Improving the hybrid IHACRES–XGBoost model for simulating daily runoff in the Gharesu Basin

Document Type : Original Article

Authors

1 geomorphology /planing and environment science

2 rs and gis

Abstract

In this study, with the aim of improving the accuracy of daily runoff simulation in the Ghareso basin located in Kermanshah province, a hybrid modeling framework was developed based on the integration of the IHACRES conceptual model and advanced machine learning algorithms. The data used included precipitation, minimum, maximum, and average temperatures, and river discharge from the Pol-e-Kohne and Qorbaghestan hydrometric stations during the period 1995 to 2023. In the first stage, the IHACRES semi-distributed model was implemented to simulate the precipitation-runoff process and its parameters were optimized using a genetic algorithm. In order to remove short-term fluctuations, a three-day moving average filter was applied to the model output. Then, using the IHACRES output and a set of derived variables including lag features, precipitation and temperature statistics, time and drought indices, an XGBoost type machine learning model was designed. The performance of the models was evaluated with the statistical indices RMSE and NSE in two training and testing periods.

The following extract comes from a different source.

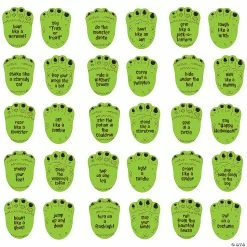 This fun twist on musical chairs is one in which everyone wins! Set out the foam feet in a circle, start up some fun tunes and walk, hop or skip from monster foot to monster foot until the music stops. Then look down at the foot you landed on, read off the instructions and perform the fun task, which could have you doing a monster dance, shaking like a scaredy cat or cackling like a witch. Whether you use this as a Halloween party activity, Physical Education game or family game night fun, one thingβs for sure: this active play activity will have everyone howling with laughter! Foam. (30 pcs. per unit) 6″ x 7 3/4″ Β© OTC

The results showed that the basic IHACRES model had an acceptable performance (NSE≈0.44), but by applying the moving average filter and optimizing the parameters, its accuracy increased by an average of 30%. Finally, the combined IHACRES–XGBoost model provided the highest accuracy by achieving an NSE value of more than 0.97 and an RMSE of less than 10. These findings indicate the high efficiency and high potential of the combined models in improving daily runoff forecasting.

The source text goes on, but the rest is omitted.